The paper concludes that generative AI is likely to produce meaningful productivity gains across the U.S. economy during the decade following ChatGPT’s introduction. Although gains differ substantially across industries, the authors find little evidence that these disparities will dramatically limit aggregate growth through Baumol’s cost disease.

The study’s primary contribution lies in integrating sectoral heterogeneity into estimates of AI-driven productivity growth. Rather than treating the economy as a single aggregate unit, the authors demonstrate how variation in exposure and adoption shapes overall outcomes.

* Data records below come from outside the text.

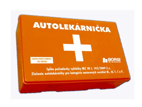 Autolekárnička v plastovej krabičke.
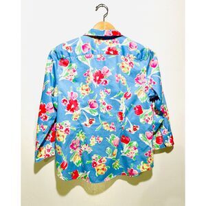 Chaps button up shirt no iron blue spring summer floral easter office casual women Lp
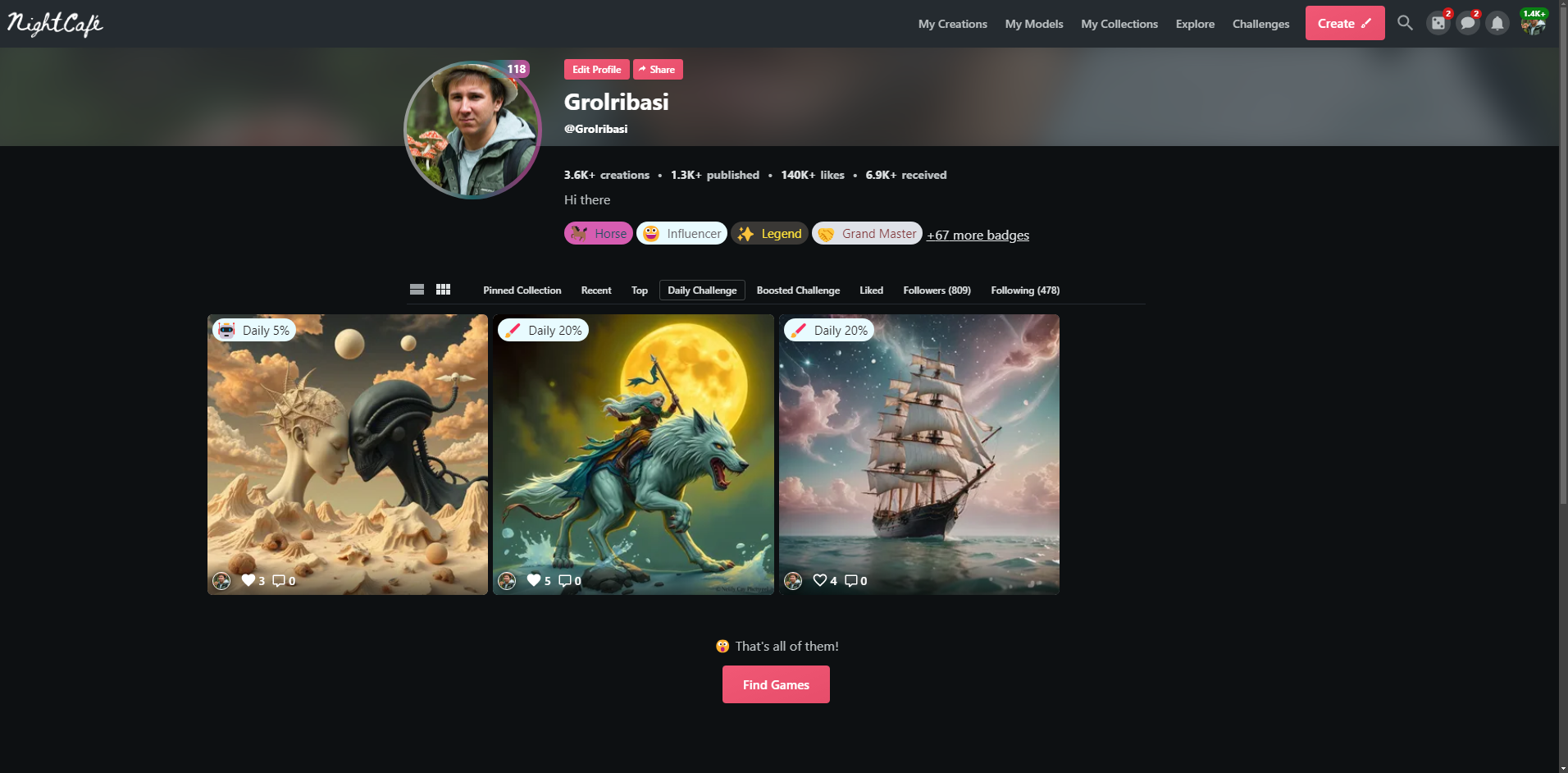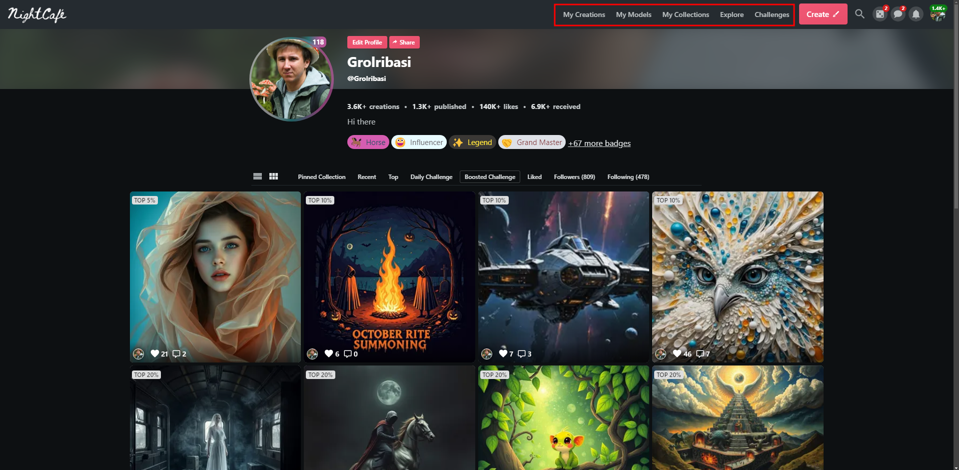 В шапке каждой страницы есть ссылки. Они говорят сами за себя: галерея «моих» картинок, «мои» модели LoRA, коллекции «моих» картинок, челленджи. Отдельно скажу про кнопку «Explore» — она открывает ленту с пользовательскими работами, которую можно отфильтровать, можно просматривать работы, ставить лайки, комментировать. Комментарии исключительно положительные, потому что так принято. Если работа не нравится, проще пройти мимо, чем сообщать об этом автору. И, если честно, это прекрасно. Положительная обратная связь мотивирует создавать больше, а совершенствоваться можно при помощи участия в соревнованиях.
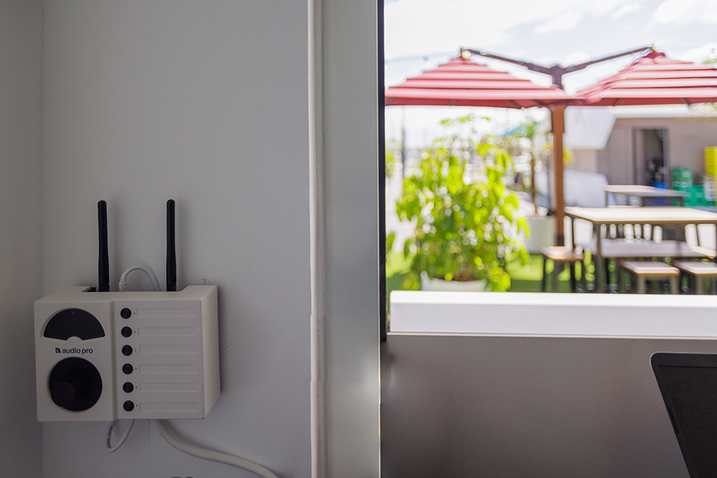 En los chiringuitos de Wilson, Darwin y Puerto Escondido se han instalado un total de 22 altavoces SP-3, asociados a tres transmisores inalámbricos TX-1, y a tres controladores inalámbricos de volumen VOL-1 de オーディオプロ事業.
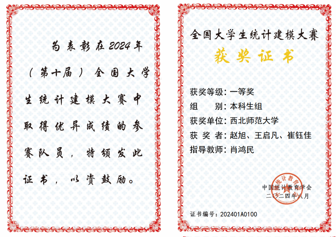 近日,在2024(第十届)全国大学生统计建模大赛中,我校参赛队(队员:赵旭、王启凡、崔钰佳,指导教师beat365亚洲体育投注肖鸿民教授)凭借其出色的表现,荣获本科组全国一等奖。我校其他参赛队获得本科组全国二等奖2项、研究生组全国二等奖1项;同时,获甘肃赛区(甘肃、青海)本科组一等奖4项,二等奖12项,三等奖10项,研究生组一等奖1项,二等奖2项,三等奖5项的优异成绩。获奖层次与总数在甘肃赛区(甘肃、青海)参赛队中名列前茅。
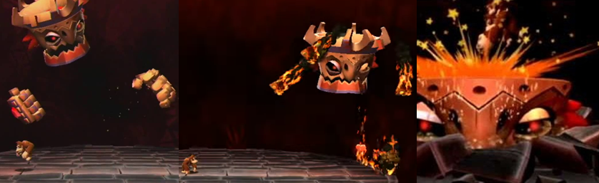 Easily the toughest boss of the game, though, is the final boss, Tiki Tong; as mentioned, you must endure a gruelling Rocket Barrel section to even reach this boss, which will most likely leave you with few lives or exhaust your inventory so you lose the much needed edge of Cranky’s items in the battle. Additionally, if you die while fighting Tiki Tong, you respawn right before the final fight but without Diddy, making it even tougher! Tiki Tong first tries to slap and crush you with its hands, which must be ducked under, rolled away from, or jumped over (when they’re at the far side of the arena) to avoid damage. When you dodge its downward slam, quickly jump on the jewel to damage and, eventually, destroy each hand (grabbing any wayward hearts you see in the process) and Tiki Tong will start attacking with its big, stupid head by spitting out Flaming Tiki Buzzes that will home in on you and basically blanket the arena, giving you the smallest window to avoid being hurt (the rare hearts that appear during this time are also on fire and you have very little time to wait or blow them out). Tiki Tong also crashes to the ground, producing a shockwave that you must jump over in a desperate attempt to bop the big red button on its head; miss-time your jump, though, and you’ll simply bounce harmlessly off the button for maximum frustration and the boss also increases in speed and aggressiveness as the fight drags on, giving you less and less time to hit that weak spot and crush it with the Moon when you finally do defeat it.
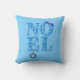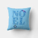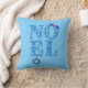 Throw pillow in the greeting "Noel" patterned with retro modern Christmas trees in shades of ice blue, embellished with a holly sprig and a snowflake ornament
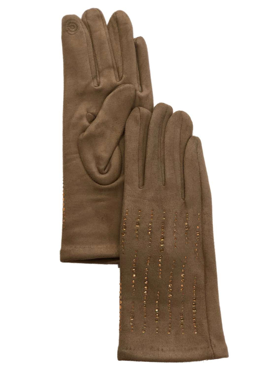 - Womens Soft Tan Rhinestone Stretch Fit Texting & Tech Touchscreen Gloves
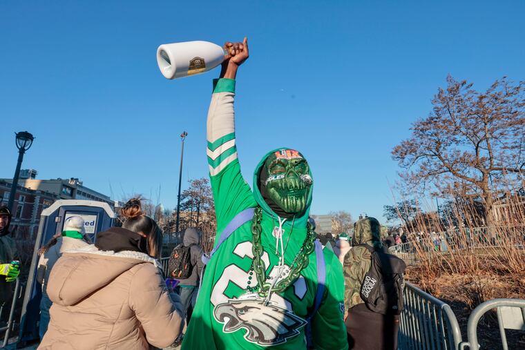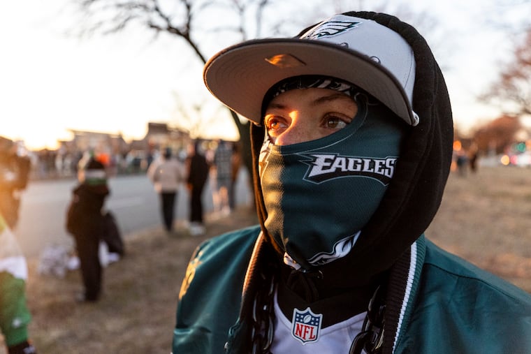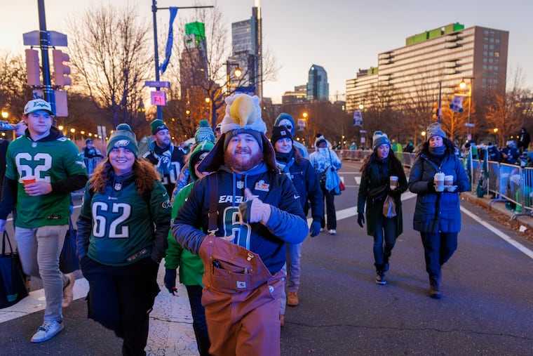 Fans donning jerseys over winter gear carried the essentials across the Spring Garden Street bridge: foldable chairs, blankets, and cases of Bud Light.
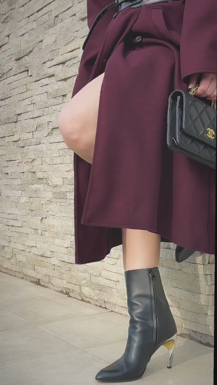 Elegantly tailored from soft wool, Merlot Mist captures the essence of refined winter dressing. The deep burgundy tone, accentuated by a double-breasted front and classic lapels, radiates sophistication. Cozy yet effortlessly chic, this coat is perfect for elevating any cold-weather look.
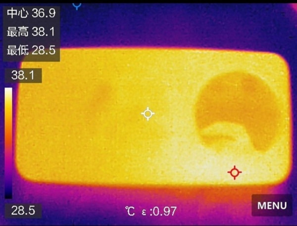 散热方面,华为Mate 80 Pro Max配备了雪绒毛细VC与双相变材料,配合金属机身提高了散热能力,热量不会只集中在某一处,而是快速传导到了整个机身。在30分钟的游戏的测试下,机身最高温度只有38.1摄氏度,表现优异。
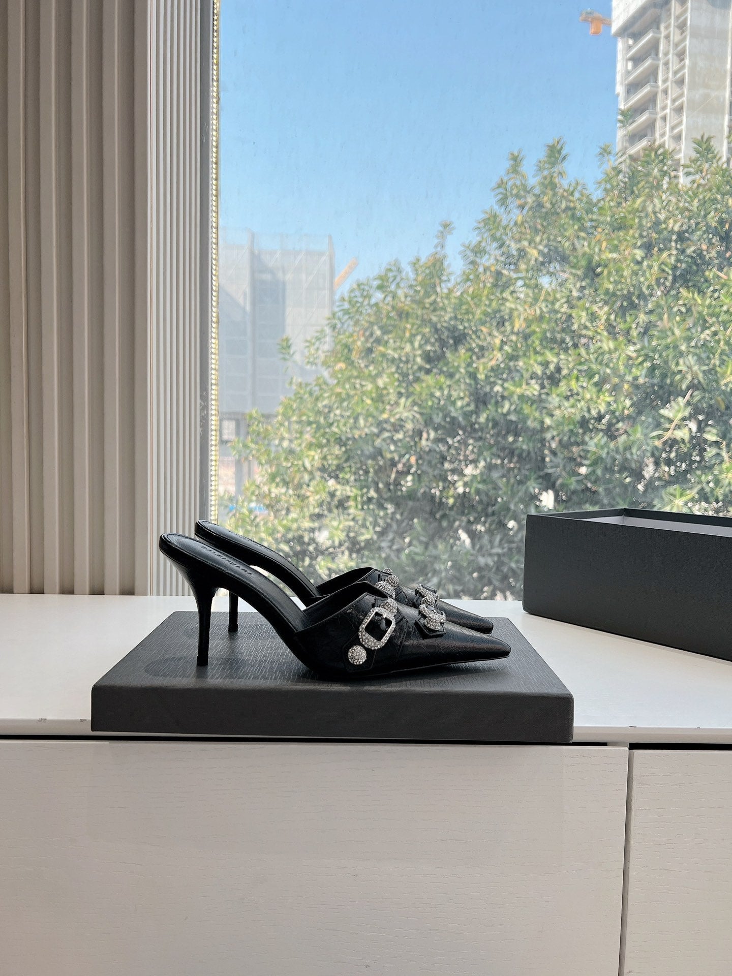 CRYSTAL BUCKLE BLACK WAX-OIL SHEEPSKIN HEELED MULES

Their analysis suggests that aggregate productivity growth may increase by nearly one percentage point annually, a magnitude comparable to some of the most significant technological transformations of the modern era.

At the same time, the paper highlights the uncertainty inherent in forecasting emerging technologies. The projections depend on assumptions regarding adoption rates, task exposure, and productivity effects that may evolve over time. Future research using causal inference methods, natural experiments, or randomized evaluations of AI implementation could provide more direct evidence regarding the actual economic effects of generative AI. Nevertheless, the study offers a rigorous and systematic framework for understanding how AI may reshape productivity growth across industries and the economy as a whole.